Platelet PAI-1 could play a central role in diverse pathological conditions associated with hypoxia, such as chronic obstructive pulmonary disease (COPD). In fact, exposure of human platelets to hypoxia enhanced PAI-1 expression. In addition, circulating platelets isolated from COPD patients had higher PAI-1 levels compared to controls, and probably, the prothrombotic phenotype associated with hypoxia may be attributable to the synthesis of PAI-1 by platelets [90].

It has been proposed that miRNA plays a central role in the regulation of fibrinolysis [91]. Platelets of patients with type 2 mellitus diabetes (DM2) release significantly more PAI-1 at the same level of platelet aggregation. This may contribute to enhanced thrombosis in diabetes [92]. Moreover, recent studies showed that mir-30c negatively regulated PAI-1 mRNA and protein expression in megakaryocytes; hyperglicemia-induced repression of mir-30c enhanced PAI-1 expression and thrombus formation in DM2 [93].

In congenital bleeding disorders, low levels of intraplatelet PAI-1 were found, but it is difficult to establish the relationship between deficiency of platelet PAI-1 and bleeding [37].

A significant increase in platelet PAI-1 levels was observed in essential thrombocythemia (ET) patients with thrombotic complications compared to ET patients without thrombotic complications and control group [94].

Taken together, the evidence strongly suggests that platelet PAI-1 plays a central role in arterial thrombosis and in hemostasis, as it is a determinant factor for fibrinolytic resistance.

PAI-2 is classically considered as an inhibitor of fibrinolysis via inhibition of plasmin generation by uPA and, to a lesser extent, tPA. Novel functions were attributed to PAI-2, which seems to be involved in hemostasis and to be associated with platelets. In particular, PAI-2 deficiency in mice reduced bleeding times via dysregulated platelet activation. The immunohistochemistry analysis of blood clots demonstrated that PAI-2 was associated with platelet aggregates; however, PAI-2 was not detected in human platelets [95].

α2-antiplasmin is the principal inhibitor of plasmin and can be detected in platelet α-granules. α2-antiplasmin antigen contained in platelets corresponded to 0.05% of the total α2-antiplasmin present in the blood on a volume basis, and 87.5% of this material can be released when platelets are stimulated by thrombin.
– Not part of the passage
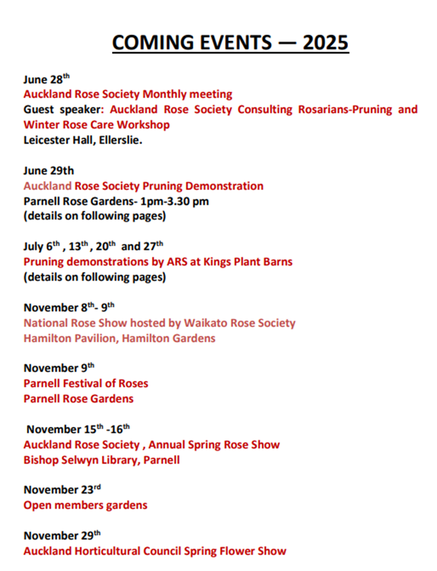 As one of Auckland’s leading Consulting Rosarian’s, Max wrote the cultural notes for the Auckland Rose Society Magazine for more than 25 years and also currently supplies Cultural Notes to the Franklin District Rose Society for use in the Franklin magazine as well. We have lost count of the pruning, grafting and rose culture presentations Max has performed over the last couple of decades, both for Auckland members as well as for the public, and he is always happy to help new people with their rose questions, offer advice and simply visit gardens to help out with any rose problems they may have. Each year he has helped to prune members’ roses and prune for members of the public. Many a donation has been received by the Society on the back of his annual endeavours over the last few decades.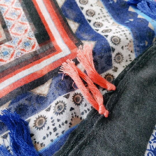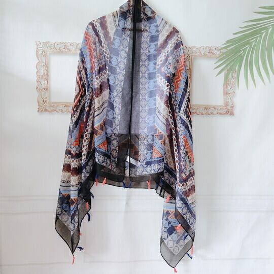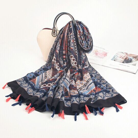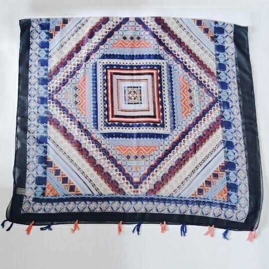 華やかな薄手大判薄手ストール 普段のコーディネートに取り入れやすい、深みのある落ち着いたカラーリング 幾何学模様がアクセントに 巻くだけでスタイリッシュに決まるエスニックな柄 巻き方次第で雰囲気が変わるので飽きのないアイテム 肌ざわりの良い素材 ma0283a

Immunohistochemical analysis of human thrombi showed that α2-antiplasmin was present at high concentrations, but platelets released small amounts of α2-antiplasmin [37,88,96]. However, thrombus stabilization against fibrinolysis involves this mechanism: platelet FXIII-A through exposure to the activated platelet membrane exerts antifibrinolytic function by cross-linking α2-antiplasmin to fibrin [97].

Takei M et al. examined the effects of α2-antiplasmin on platelet aggregation using animal models and found that lack of α2-antiplasmin increased platelet micro-aggregation when platelets were stimulated with ADP. Microaggregates produced in the early phase of platelet activation have the potential to aggravate thrombus formation, leading to vascular occlusions by the formation of a platelet-rich thrombus [98].